(YOUR GOAL):
Produce as output only the lines below starting at the line with "the Times wrote." and continuing through the line with "This to me is", each one exactly as written.

(GIVEN RECORDS):
▼▼▼

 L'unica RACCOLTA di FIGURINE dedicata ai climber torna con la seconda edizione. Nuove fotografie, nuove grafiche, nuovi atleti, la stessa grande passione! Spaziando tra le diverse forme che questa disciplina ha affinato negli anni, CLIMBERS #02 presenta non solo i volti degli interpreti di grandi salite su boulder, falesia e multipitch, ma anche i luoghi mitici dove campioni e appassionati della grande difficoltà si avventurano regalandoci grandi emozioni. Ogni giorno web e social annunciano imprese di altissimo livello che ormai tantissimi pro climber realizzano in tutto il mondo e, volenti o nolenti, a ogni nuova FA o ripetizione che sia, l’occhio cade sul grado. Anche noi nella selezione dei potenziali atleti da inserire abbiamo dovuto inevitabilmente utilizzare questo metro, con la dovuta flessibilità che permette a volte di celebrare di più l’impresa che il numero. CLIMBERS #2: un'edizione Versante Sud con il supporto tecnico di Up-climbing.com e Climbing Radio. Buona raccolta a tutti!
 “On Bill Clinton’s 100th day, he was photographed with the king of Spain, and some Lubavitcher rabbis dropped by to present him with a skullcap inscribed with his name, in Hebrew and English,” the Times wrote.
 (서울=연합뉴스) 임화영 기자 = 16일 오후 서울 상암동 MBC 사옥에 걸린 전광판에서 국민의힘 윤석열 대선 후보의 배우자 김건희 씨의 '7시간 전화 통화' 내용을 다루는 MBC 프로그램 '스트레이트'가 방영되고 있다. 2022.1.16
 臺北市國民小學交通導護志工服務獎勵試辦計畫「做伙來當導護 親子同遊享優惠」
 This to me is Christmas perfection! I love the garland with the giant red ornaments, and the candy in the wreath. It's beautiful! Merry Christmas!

▲▲▲
▼▼▼

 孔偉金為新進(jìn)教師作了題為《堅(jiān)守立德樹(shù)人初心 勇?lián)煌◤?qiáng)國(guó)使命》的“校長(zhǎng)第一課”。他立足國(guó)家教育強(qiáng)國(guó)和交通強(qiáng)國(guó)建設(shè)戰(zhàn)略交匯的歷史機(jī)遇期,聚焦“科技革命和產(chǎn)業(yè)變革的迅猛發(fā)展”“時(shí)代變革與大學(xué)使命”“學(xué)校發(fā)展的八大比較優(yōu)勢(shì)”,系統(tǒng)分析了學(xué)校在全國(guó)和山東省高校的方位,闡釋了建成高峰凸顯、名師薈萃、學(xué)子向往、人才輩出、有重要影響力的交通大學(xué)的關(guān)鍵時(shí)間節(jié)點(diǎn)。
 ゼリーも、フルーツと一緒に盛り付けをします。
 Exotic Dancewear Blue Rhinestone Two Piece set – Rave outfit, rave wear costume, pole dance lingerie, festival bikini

▲▲▲
▼▼▼

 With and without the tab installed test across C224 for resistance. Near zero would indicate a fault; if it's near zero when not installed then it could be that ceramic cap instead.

▲▲▲

(TASK RESPONSE):
 “On Bill Clinton’s 100th day, he was photographed with the king of Spain, and some Lubavitcher rabbis dropped by to present him with a skullcap inscribed with his name, in Hebrew and English,” the Times wrote.
 (서울=연합뉴스) 임화영 기자 = 16일 오후 서울 상암동 MBC 사옥에 걸린 전광판에서 국민의힘 윤석열 대선 후보의 배우자 김건희 씨의 '7시간 전화 통화' 내용을 다루는 MBC 프로그램 '스트레이트'가 방영되고 있다. 2022.1.16
 臺北市國民小學交通導護志工服務獎勵試辦計畫「做伙來當導護 親子同遊享優惠」
 This to me is Christmas perfection! I love the garland with the giant red ornaments, and the candy in the wreath. It's beautiful! Merry Christmas!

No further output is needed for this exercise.